For replication, the heartbeat-based degradation window is `heartbeat_interval × replication.degradation_count`. If that window is longer than the quorum receipt timeout, a Replica may be marked `Degraded` immediately on quorum timeout and then recover quickly on a subsequent Heartbeat or Receipt.

### Object Storage Connectivity (env vars)

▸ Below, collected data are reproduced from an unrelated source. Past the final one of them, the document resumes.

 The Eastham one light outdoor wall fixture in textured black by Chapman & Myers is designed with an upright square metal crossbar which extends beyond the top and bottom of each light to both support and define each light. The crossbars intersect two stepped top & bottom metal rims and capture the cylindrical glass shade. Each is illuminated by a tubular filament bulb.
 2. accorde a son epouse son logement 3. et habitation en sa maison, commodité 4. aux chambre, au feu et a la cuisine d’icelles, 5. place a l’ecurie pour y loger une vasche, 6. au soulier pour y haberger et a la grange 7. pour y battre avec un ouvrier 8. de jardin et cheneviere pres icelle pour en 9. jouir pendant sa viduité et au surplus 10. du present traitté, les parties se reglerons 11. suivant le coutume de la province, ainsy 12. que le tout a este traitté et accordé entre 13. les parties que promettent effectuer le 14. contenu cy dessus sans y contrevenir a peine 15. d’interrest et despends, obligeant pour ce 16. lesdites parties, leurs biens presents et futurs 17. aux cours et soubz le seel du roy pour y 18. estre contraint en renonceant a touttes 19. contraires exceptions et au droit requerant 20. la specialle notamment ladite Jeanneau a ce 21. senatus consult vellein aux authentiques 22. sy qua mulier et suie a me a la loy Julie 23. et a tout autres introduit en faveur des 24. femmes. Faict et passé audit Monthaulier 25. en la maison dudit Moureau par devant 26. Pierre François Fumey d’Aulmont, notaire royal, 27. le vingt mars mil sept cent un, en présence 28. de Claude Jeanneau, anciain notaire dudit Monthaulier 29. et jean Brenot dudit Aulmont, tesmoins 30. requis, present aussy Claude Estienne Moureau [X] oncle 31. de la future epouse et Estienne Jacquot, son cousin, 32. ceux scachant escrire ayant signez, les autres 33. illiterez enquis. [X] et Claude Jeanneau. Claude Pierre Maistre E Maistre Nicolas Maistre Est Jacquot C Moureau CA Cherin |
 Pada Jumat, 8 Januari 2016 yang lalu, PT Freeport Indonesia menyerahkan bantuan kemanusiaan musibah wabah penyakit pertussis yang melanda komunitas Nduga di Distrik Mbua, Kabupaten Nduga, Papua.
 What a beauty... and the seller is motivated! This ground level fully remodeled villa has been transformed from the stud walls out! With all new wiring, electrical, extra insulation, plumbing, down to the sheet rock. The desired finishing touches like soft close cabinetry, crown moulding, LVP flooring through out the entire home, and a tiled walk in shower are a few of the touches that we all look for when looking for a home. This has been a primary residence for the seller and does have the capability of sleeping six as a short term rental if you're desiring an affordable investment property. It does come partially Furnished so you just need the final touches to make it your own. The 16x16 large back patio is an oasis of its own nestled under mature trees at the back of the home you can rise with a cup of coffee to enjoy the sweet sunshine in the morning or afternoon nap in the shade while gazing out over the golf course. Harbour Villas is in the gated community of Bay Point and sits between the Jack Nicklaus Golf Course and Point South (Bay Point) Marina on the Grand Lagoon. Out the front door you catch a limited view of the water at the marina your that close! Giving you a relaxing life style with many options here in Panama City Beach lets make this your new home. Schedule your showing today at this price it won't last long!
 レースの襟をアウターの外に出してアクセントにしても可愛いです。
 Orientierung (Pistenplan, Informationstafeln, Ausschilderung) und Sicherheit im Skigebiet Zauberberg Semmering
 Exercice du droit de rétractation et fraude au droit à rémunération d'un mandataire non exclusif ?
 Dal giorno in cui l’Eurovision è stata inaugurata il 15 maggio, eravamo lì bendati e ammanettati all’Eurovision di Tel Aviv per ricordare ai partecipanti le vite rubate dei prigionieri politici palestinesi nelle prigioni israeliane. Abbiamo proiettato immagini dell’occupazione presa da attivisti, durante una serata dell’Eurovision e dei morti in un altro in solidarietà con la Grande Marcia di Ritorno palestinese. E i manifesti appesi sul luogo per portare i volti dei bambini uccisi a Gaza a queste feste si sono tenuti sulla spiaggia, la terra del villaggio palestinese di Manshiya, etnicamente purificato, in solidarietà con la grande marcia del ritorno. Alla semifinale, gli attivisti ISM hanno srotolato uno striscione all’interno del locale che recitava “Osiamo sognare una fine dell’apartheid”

Additional to the cluster-wide object storage configuration, provider SDK environment variables may be used.

#### S3 / AWS

| Env Var | Default | Description |
|---|---|---|
| `AWS_ENDPOINT_URL` | — | Custom S3/storage endpoint URL |
| `AWS_ACCESS_KEY_ID` | — | AWS access key ID |
| `AWS_SECRET_ACCESS_KEY` | — | AWS secret access key |
| `AWS_SESSION_TOKEN` | — | AWS session token |
| `AWS_DEFAULT_REGION` | `us-east-1` | AWS region |
| `AWS_ROLE_ARN` | — | IAM role ARN to assume |
| `AWS_ROLE_SESSION_NAME` | `netsy-session` | Session name for IAM role |
| `AWS_S3_USE_PATH_STYLE` | `false` | Path-style S3 addressing (for MinIO) |

#### GCS / GCP

Prefer Application Default Credentials (ADC). On GCE/GKE this usually means using the attached service account or workload identity. Outside GCP, point the SDK at a service-account JSON file.

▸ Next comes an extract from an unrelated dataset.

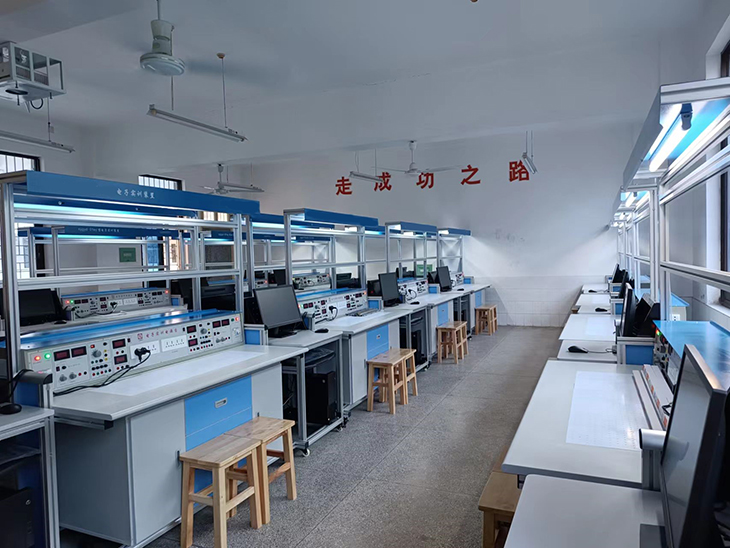 應用電子技術實驗室、應用電子實訓室設備隸屬于電氣工程與自動化院校,應用電子技術實驗室設備在學校的科學研究、學科建設、人才培養(yǎng)等方面發(fā)揮著重大作用。中心貫徹學校“以本為本”建設具有特色的一流本科教育理念,緊密圍繞社會經濟發(fā)展需求,遵循教育規(guī)律,堅持“立足教育、面向全國、服務院校、服務行業(yè)”的辦學定位,適應人工智能、電氣自動化、電子科學等科技發(fā)展,融教學、科研和生產為一體,強調理論與實踐密切結合,突出應用電子特色,培養(yǎng)應用電子、人工智能新技術應用及開發(fā)能力,為電氣自動化、人工智能、應用電子相關行業(yè)培養(yǎng)德、智、體、美、勞全面發(fā)展,具有扎實基礎理論、寬厚專業(yè)知識、較強實踐能力和良好職業(yè)素養(yǎng)的應用型工程技術人才。中心突出校企深度合作長效機制,形成“專業(yè)特色與行業(yè)需求相融合、雙創(chuàng)教育與專業(yè)教育相融合、實踐教育與企業(yè)資源相融合、課內培養(yǎng)與課外培養(yǎng)相融合、培養(yǎng)過程與企業(yè)協(xié)同相融合”的五融合人才培養(yǎng)特色,提高應用電子實踐教學質量。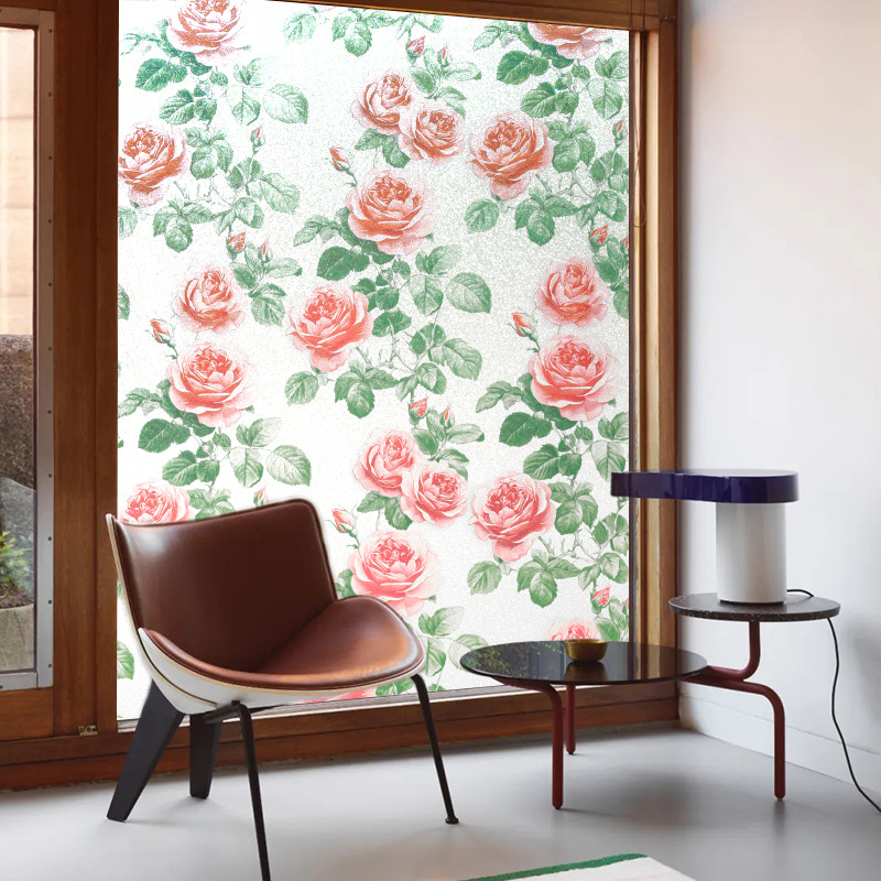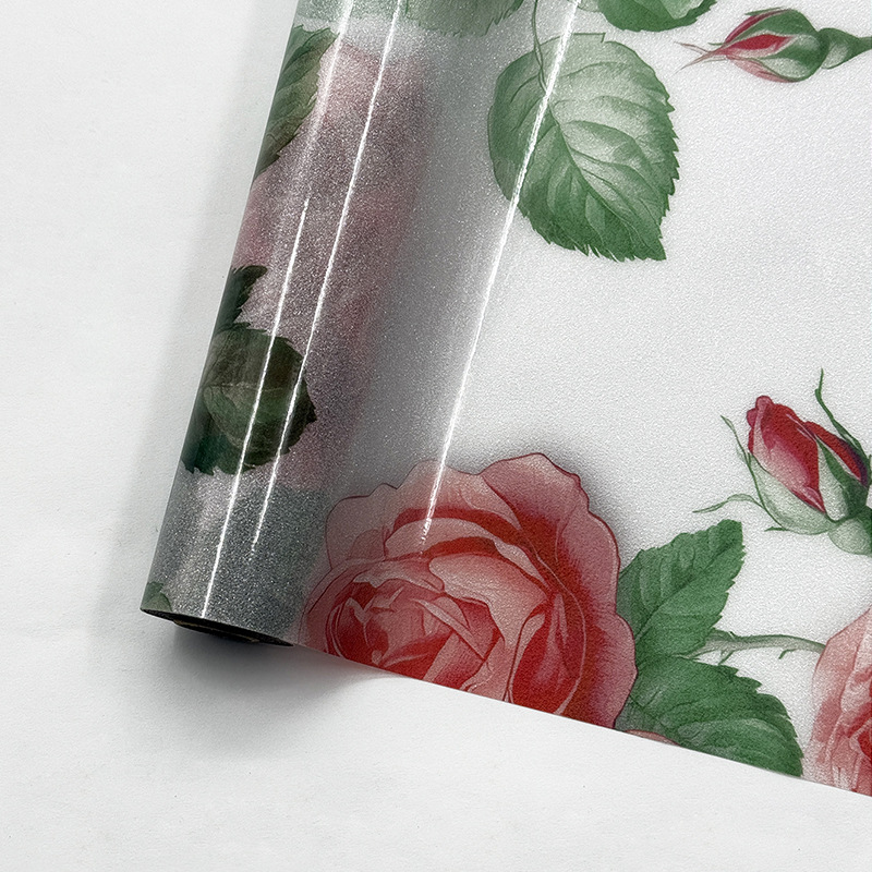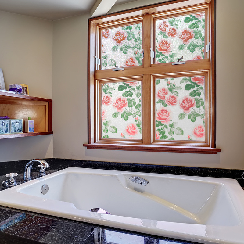 정전기 YYP 레드 로즈 유리 스티커 필름 페인트 유리 레이저 창 프라이버시 필름 광 투과 창 스티커스토어 가기

| Env Var | Default | Description |
|---|---|---|
| `GOOGLE_APPLICATION_CREDENTIALS` | — | Path to a GCP service-account JSON credentials file |

### Provider Notes

- For `storage.provider = "s3"`, `storage.class` uses S3 storage class names and `storage.kms_key_id` should be an AWS KMS key ID or ARN.
- For `storage.provider = "gcs"`, `storage.class` uses GCS storage classes such as `STANDARD`, `NEARLINE`, `COLDLINE`, or `ARCHIVE`, and `storage.kms_key_id` should be a full Cloud KMS key resource.
- `storage.encryption = "provider-managed"` uses the cloud provider's default server-side encryption.
- `storage.encryption = "customer-managed"` requires `storage.kms_key_id`.